| WHAT YOU HAVE TO DO |
In the entries that follow, find the line containing "Furniture Stool #@Online" and the line containing "청주 현장의 건축주님은", then retype exactly the lines from the first through the second, pictures excluded.

| DATASET CONTENT |
---------------

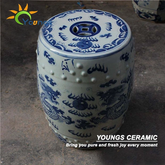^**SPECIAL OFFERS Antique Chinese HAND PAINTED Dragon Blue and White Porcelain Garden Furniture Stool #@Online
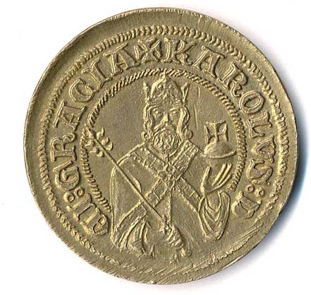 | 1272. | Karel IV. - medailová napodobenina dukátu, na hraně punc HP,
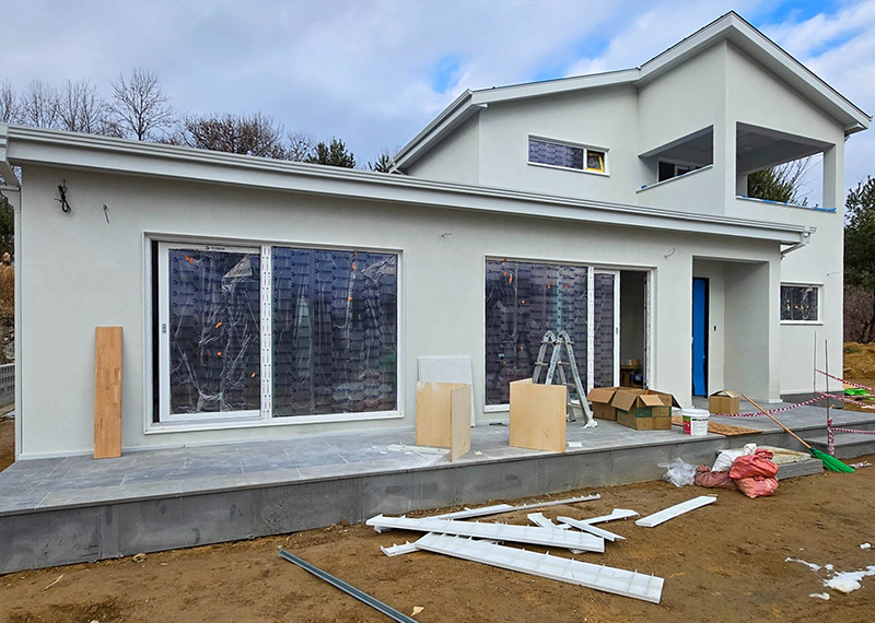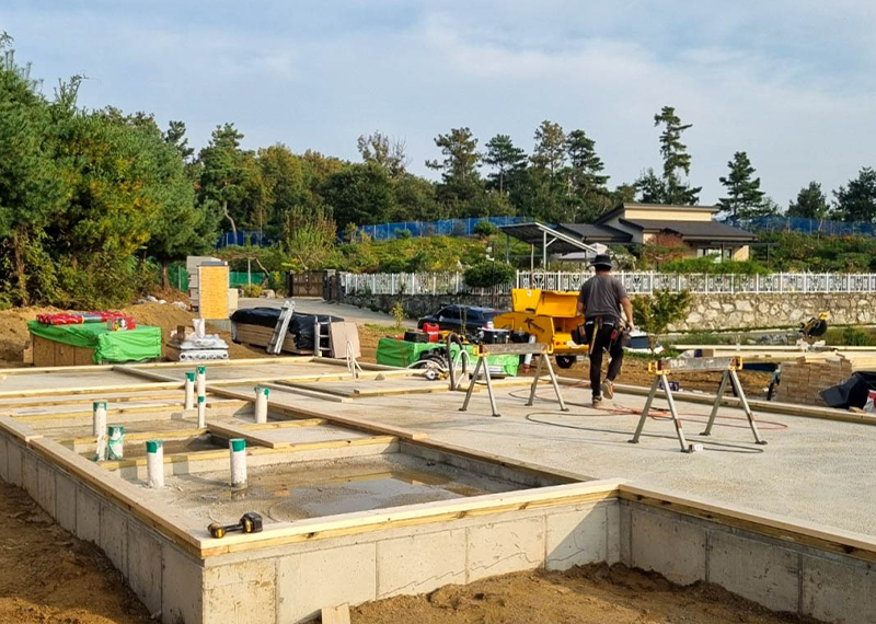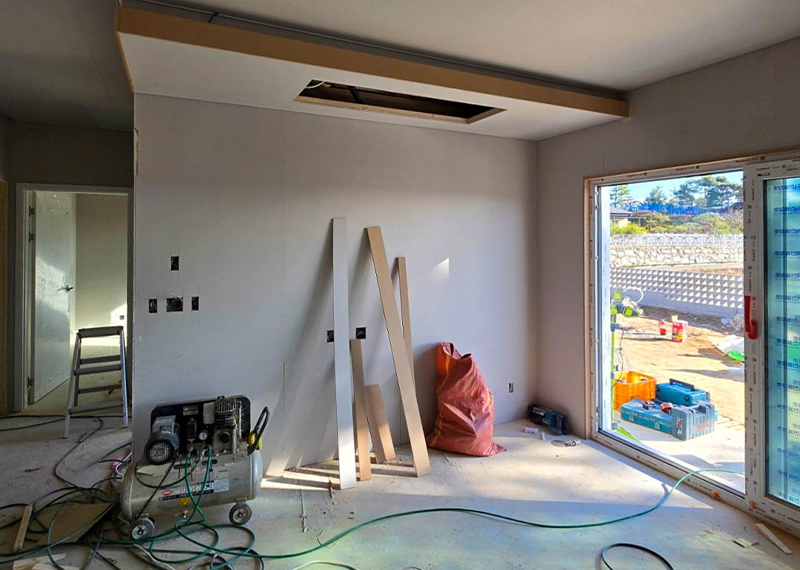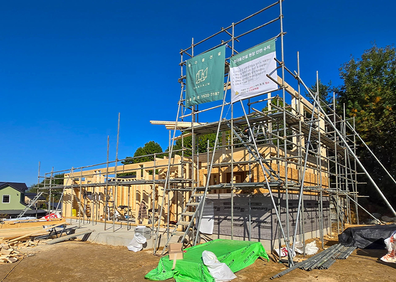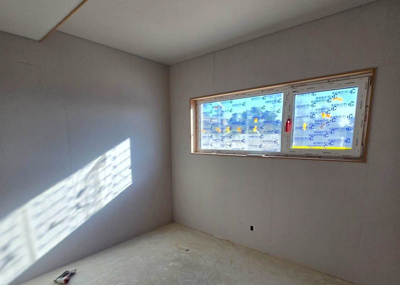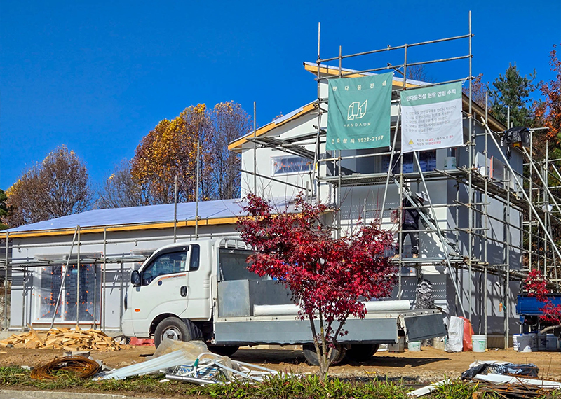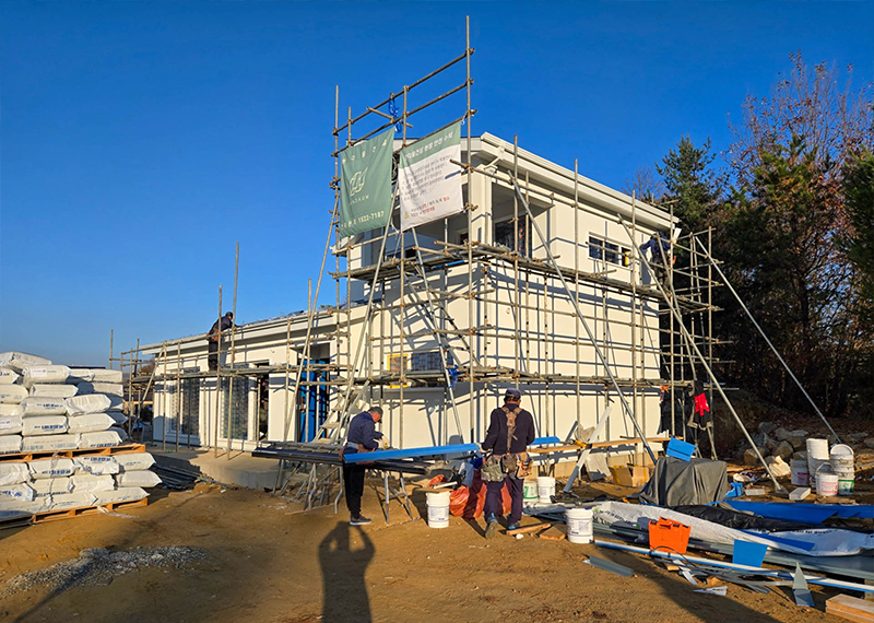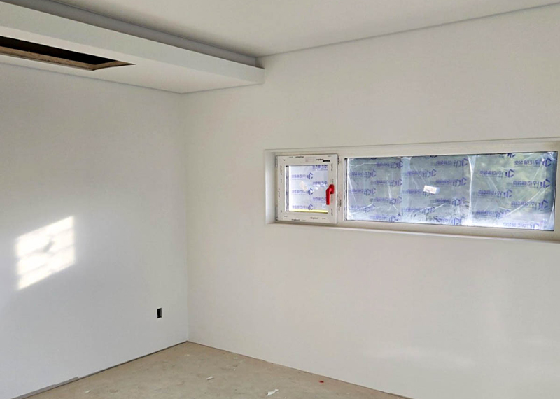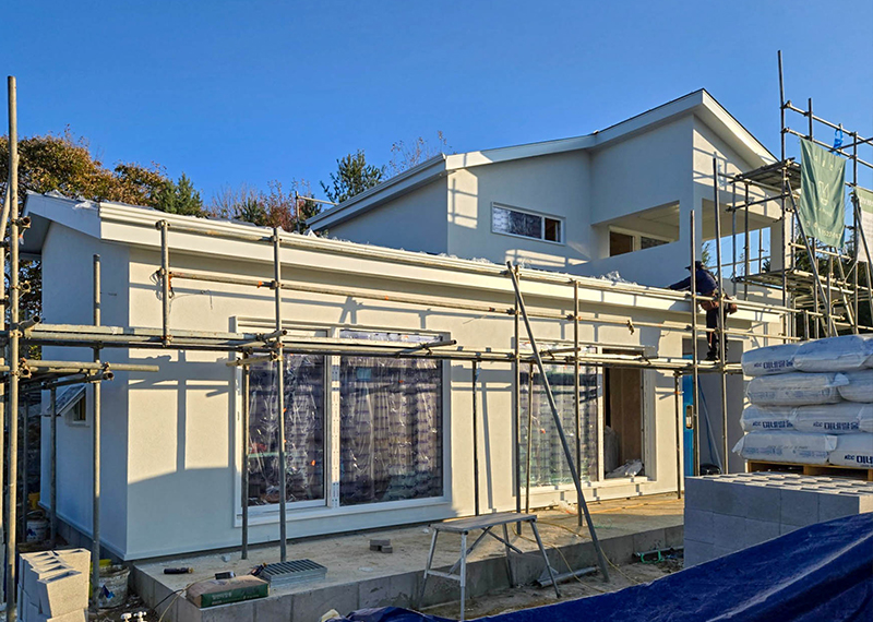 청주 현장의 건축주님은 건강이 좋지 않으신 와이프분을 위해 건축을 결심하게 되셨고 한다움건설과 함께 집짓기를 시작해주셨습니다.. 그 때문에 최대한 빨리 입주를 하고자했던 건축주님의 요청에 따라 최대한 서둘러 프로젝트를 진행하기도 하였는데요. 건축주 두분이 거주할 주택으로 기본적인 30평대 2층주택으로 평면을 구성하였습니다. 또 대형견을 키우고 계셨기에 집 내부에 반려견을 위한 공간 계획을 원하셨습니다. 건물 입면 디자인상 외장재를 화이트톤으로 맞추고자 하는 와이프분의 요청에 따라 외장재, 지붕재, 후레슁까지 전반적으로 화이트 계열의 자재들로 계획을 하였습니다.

---------------

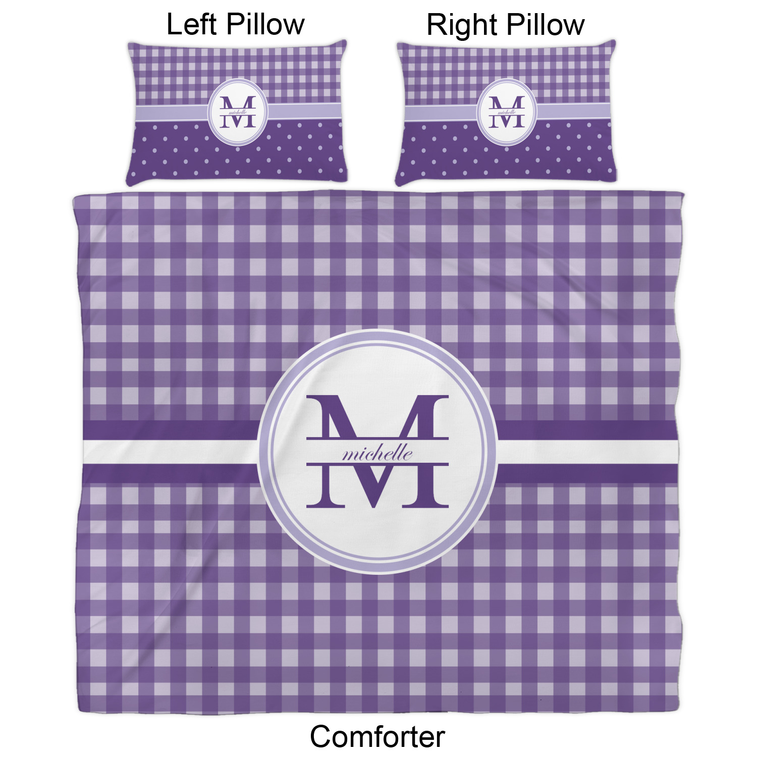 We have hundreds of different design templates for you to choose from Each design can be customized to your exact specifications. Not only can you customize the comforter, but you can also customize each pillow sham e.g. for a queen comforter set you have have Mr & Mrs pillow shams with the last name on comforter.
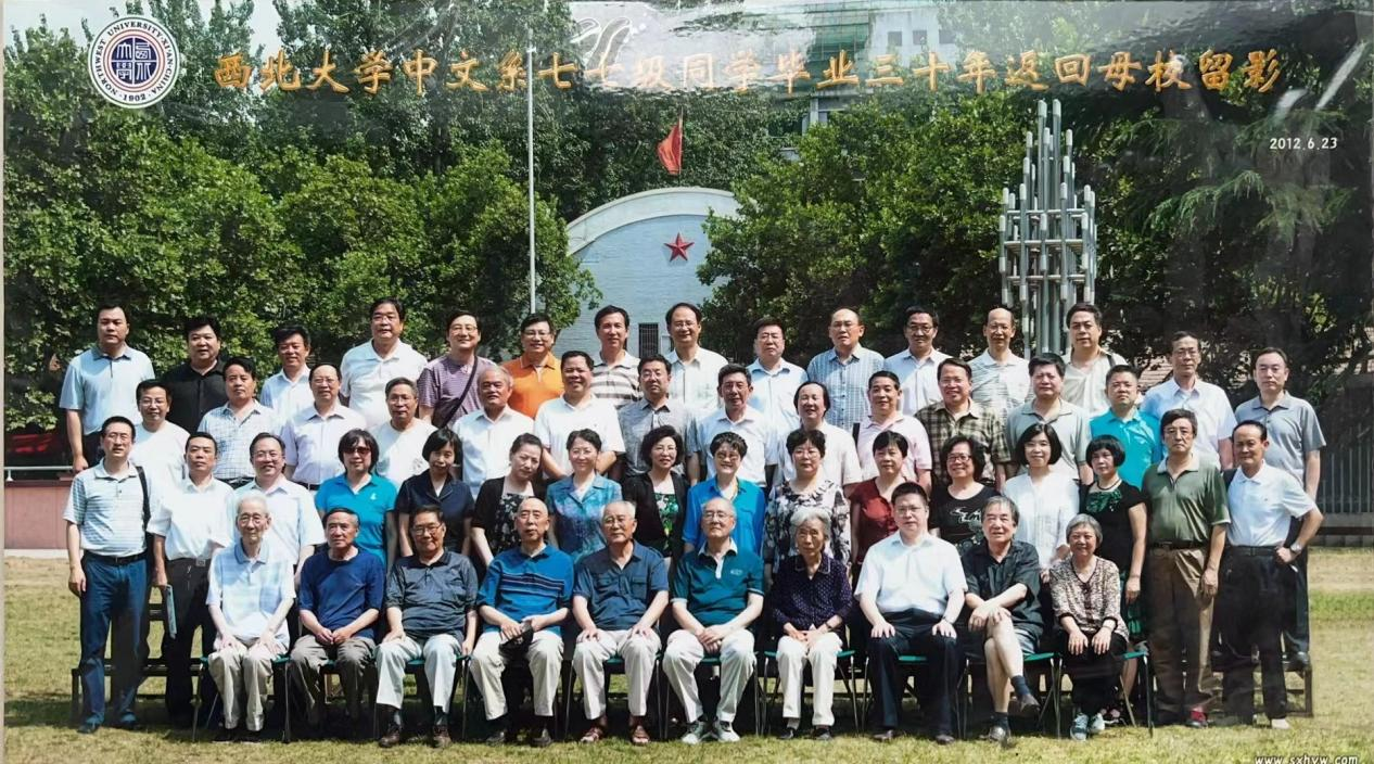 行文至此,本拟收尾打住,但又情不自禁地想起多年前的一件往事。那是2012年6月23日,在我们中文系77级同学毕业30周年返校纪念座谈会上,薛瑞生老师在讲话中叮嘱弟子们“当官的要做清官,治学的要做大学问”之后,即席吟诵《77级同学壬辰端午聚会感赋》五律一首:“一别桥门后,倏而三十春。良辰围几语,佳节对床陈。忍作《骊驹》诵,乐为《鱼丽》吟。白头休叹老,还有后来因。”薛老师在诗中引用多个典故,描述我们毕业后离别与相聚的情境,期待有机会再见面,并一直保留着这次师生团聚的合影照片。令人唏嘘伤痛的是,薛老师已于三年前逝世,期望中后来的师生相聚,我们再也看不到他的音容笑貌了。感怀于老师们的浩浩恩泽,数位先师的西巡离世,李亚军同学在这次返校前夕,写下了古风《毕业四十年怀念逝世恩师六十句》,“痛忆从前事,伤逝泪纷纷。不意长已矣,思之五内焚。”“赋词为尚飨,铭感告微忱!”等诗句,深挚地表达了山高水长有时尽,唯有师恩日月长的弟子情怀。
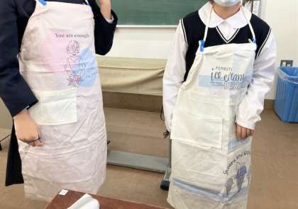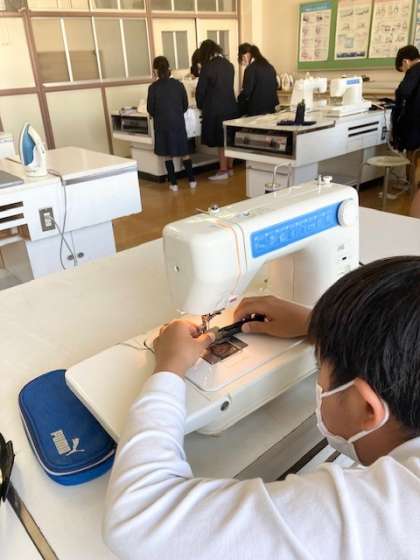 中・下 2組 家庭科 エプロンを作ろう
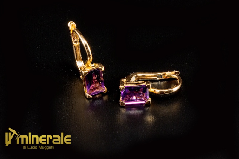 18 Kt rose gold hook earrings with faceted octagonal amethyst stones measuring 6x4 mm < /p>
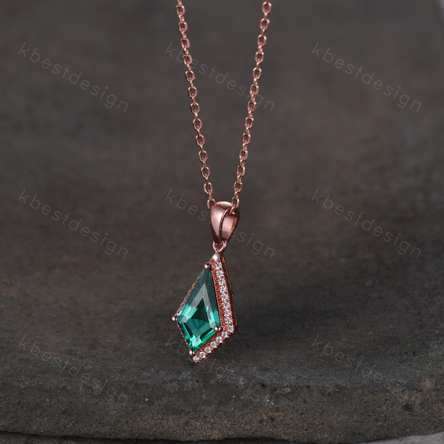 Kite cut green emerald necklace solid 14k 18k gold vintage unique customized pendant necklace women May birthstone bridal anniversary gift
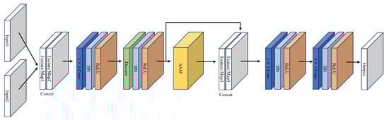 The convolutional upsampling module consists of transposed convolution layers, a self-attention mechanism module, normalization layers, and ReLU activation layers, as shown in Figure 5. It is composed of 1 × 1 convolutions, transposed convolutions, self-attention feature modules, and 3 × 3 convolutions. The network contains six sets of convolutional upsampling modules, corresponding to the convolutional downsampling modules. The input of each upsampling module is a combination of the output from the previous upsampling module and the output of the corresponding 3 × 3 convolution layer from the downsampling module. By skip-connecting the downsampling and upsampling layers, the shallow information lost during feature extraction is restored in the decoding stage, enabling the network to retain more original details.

---------------

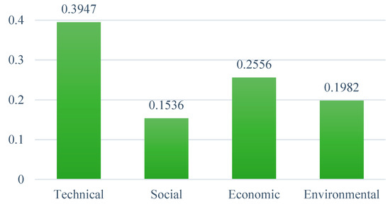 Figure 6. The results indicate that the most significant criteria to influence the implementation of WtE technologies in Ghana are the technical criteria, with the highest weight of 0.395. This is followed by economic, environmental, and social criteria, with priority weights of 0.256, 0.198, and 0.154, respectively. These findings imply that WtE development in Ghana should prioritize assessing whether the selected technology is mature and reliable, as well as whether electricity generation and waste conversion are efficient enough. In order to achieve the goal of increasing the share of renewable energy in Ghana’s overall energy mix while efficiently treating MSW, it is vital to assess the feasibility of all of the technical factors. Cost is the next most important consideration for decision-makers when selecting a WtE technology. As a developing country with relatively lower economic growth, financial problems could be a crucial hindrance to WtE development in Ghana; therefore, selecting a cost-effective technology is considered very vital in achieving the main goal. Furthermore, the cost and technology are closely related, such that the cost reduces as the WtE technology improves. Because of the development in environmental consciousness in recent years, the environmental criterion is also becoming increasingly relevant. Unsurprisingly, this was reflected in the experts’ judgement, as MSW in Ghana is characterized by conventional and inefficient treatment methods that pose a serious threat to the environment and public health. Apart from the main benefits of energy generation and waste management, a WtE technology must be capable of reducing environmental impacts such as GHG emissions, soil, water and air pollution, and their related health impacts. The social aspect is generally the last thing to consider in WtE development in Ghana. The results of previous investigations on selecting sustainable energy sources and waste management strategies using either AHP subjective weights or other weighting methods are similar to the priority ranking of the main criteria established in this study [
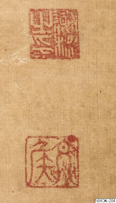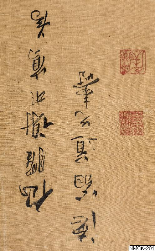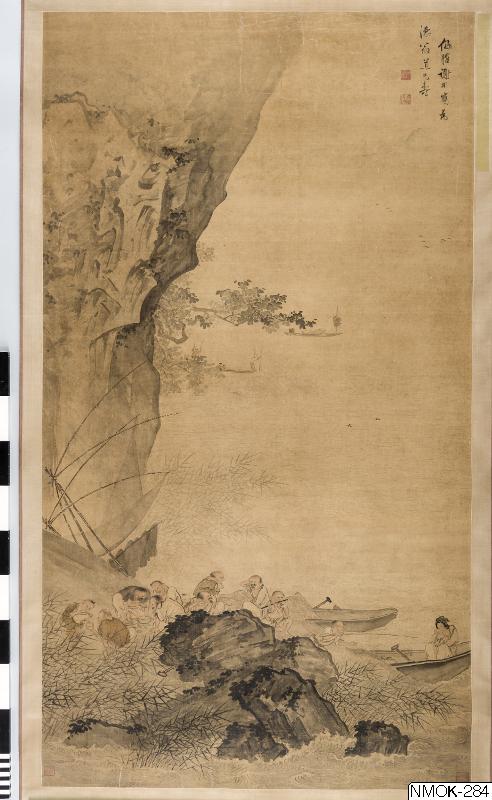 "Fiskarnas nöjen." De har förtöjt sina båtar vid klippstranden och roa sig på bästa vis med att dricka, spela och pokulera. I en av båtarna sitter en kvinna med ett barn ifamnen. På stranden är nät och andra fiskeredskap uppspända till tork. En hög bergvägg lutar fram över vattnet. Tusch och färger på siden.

---------------

| TASK RESULT |
^**SPECIAL OFFERS Antique Chinese HAND PAINTED Dragon Blue and White Porcelain Garden Furniture Stool #@Online
 | 1272. | Karel IV. - medailová napodobenina dukátu, na hraně punc HP,
 청주 현장의 건축주님은 건강이 좋지 않으신 와이프분을 위해 건축을 결심하게 되셨고 한다움건설과 함께 집짓기를 시작해주셨습니다.. 그 때문에 최대한 빨리 입주를 하고자했던 건축주님의 요청에 따라 최대한 서둘러 프로젝트를 진행하기도 하였는데요. 건축주 두분이 거주할 주택으로 기본적인 30평대 2층주택으로 평면을 구성하였습니다. 또 대형견을 키우고 계셨기에 집 내부에 반려견을 위한 공간 계획을 원하셨습니다. 건물 입면 디자인상 외장재를 화이트톤으로 맞추고자 하는 와이프분의 요청에 따라 외장재, 지붕재, 후레슁까지 전반적으로 화이트 계열의 자재들로 계획을 하였습니다.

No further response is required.